MATERIAL SUPPLIED Start Marker
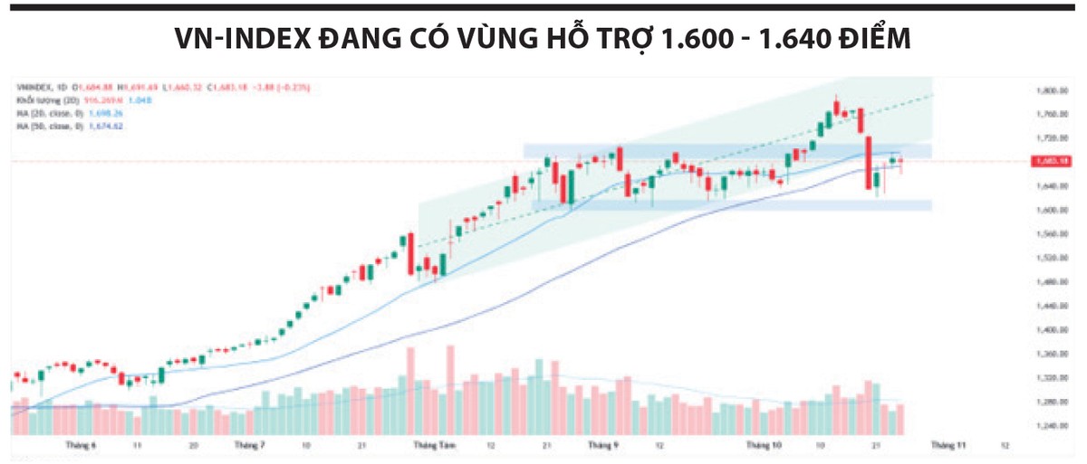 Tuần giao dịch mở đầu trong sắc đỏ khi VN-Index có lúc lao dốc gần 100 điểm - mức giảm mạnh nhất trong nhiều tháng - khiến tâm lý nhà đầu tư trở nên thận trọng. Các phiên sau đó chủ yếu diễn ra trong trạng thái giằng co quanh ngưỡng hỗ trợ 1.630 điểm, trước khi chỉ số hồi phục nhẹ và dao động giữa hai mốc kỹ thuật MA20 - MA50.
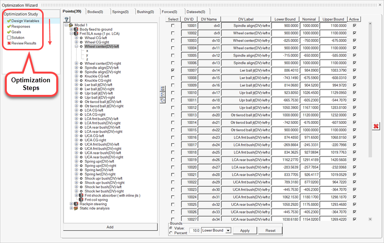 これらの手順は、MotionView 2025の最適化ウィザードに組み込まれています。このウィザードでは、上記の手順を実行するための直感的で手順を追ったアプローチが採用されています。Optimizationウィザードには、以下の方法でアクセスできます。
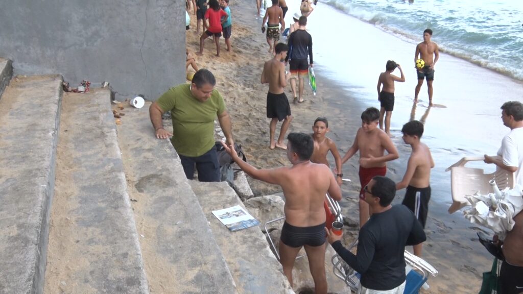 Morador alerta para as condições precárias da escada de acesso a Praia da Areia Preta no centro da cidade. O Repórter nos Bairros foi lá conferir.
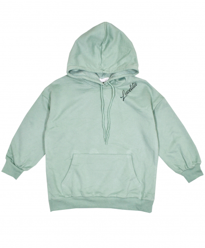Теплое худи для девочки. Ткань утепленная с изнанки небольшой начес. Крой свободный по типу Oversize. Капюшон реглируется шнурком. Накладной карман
MATERIAL SUPPLIED End Marker
MATERIAL SUPPLIED Start Marker
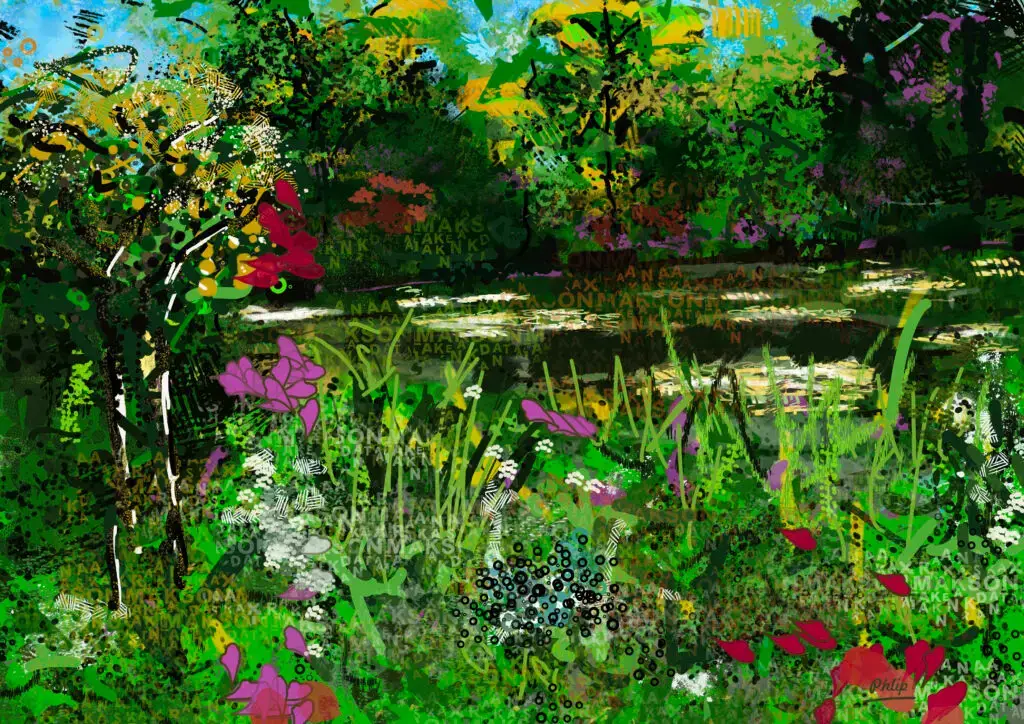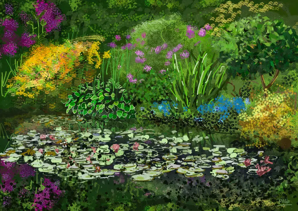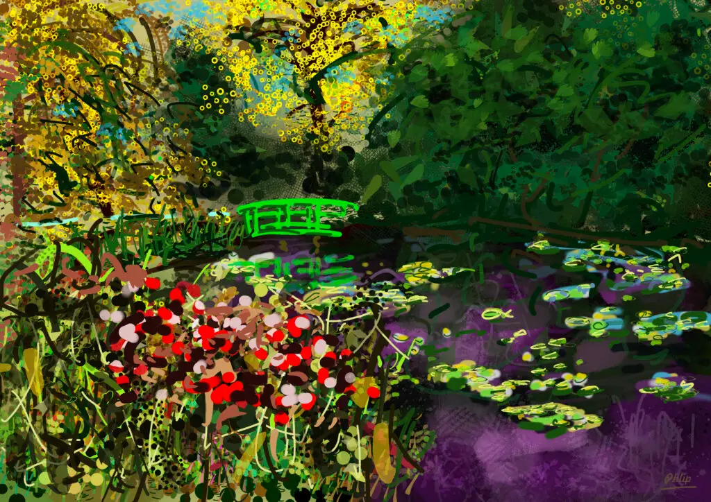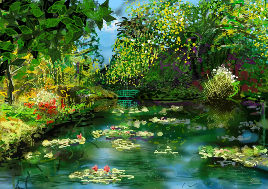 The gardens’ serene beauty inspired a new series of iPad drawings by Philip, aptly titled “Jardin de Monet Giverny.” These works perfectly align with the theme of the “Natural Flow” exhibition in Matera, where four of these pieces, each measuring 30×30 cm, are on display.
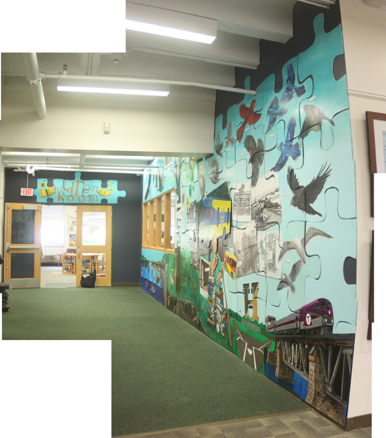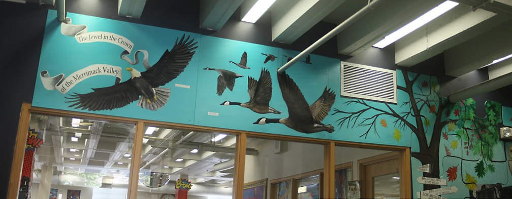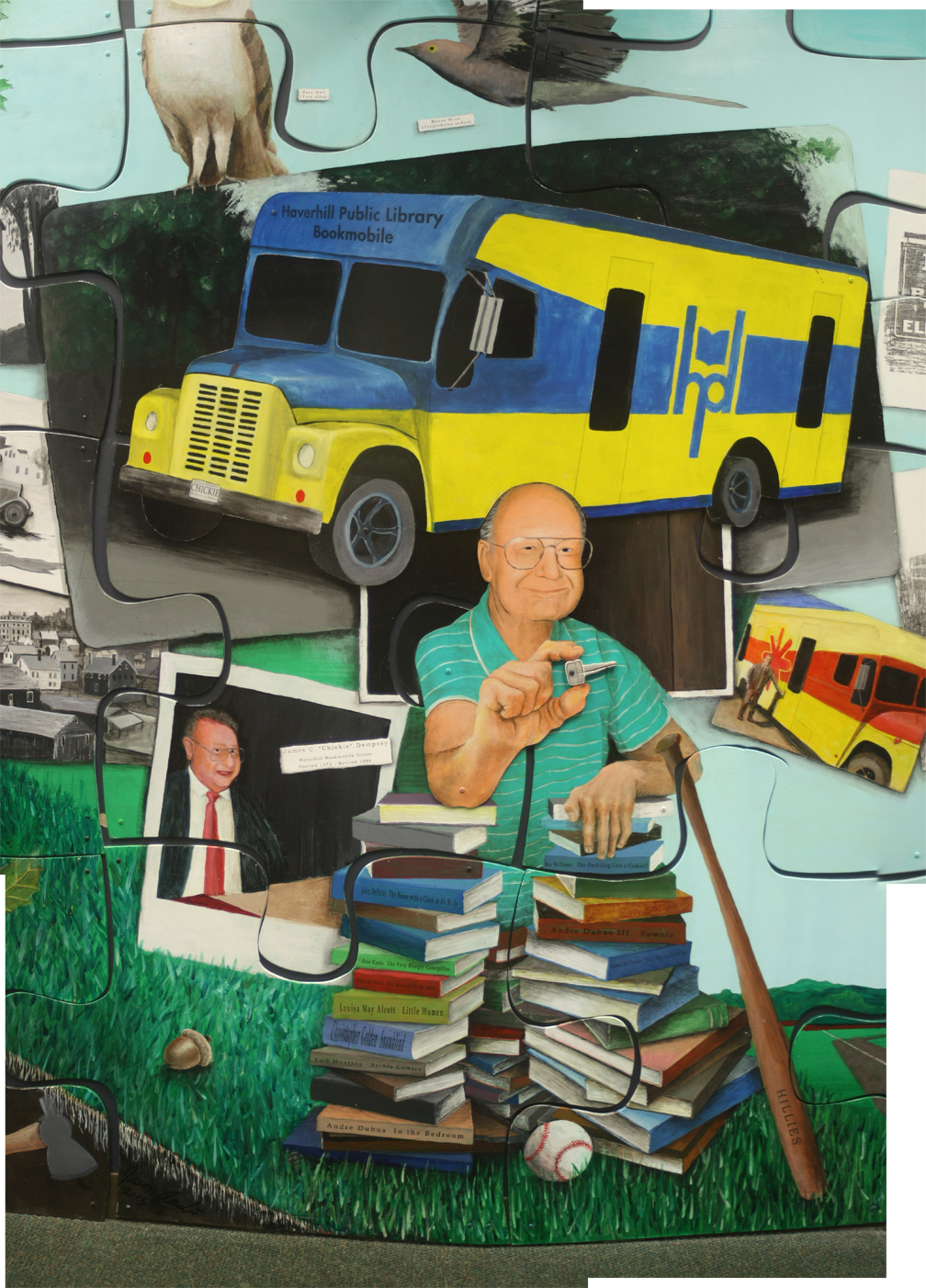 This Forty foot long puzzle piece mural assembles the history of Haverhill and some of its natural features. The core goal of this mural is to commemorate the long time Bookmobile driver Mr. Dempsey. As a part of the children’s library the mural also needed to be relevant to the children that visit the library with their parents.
MATERIAL SUPPLIED End Marker
With pictures omitted, repeat the entries above word for word from the line holding "Tuần giao dịch" down to the line holding "Теплое худи для девочки.", keeping both of those lines.

 Tuần giao dịch mở đầu trong sắc đỏ khi VN-Index có lúc lao dốc gần 100 điểm - mức giảm mạnh nhất trong nhiều tháng - khiến tâm lý nhà đầu tư trở nên thận trọng. Các phiên sau đó chủ yếu diễn ra trong trạng thái giằng co quanh ngưỡng hỗ trợ 1.630 điểm, trước khi chỉ số hồi phục nhẹ và dao động giữa hai mốc kỹ thuật MA20 - MA50.
 これらの手順は、MotionView 2025の最適化ウィザードに組み込まれています。このウィザードでは、上記の手順を実行するための直感的で手順を追ったアプローチが採用されています。Optimizationウィザードには、以下の方法でアクセスできます。
 Morador alerta para as condições precárias da escada de acesso a Praia da Areia Preta no centro da cidade. O Repórter nos Bairros foi lá conferir.
Теплое худи для девочки. Ткань утепленная с изнанки небольшой начес. Крой свободный по типу Oversize. Капюшон реглируется шнурком. Накладной карман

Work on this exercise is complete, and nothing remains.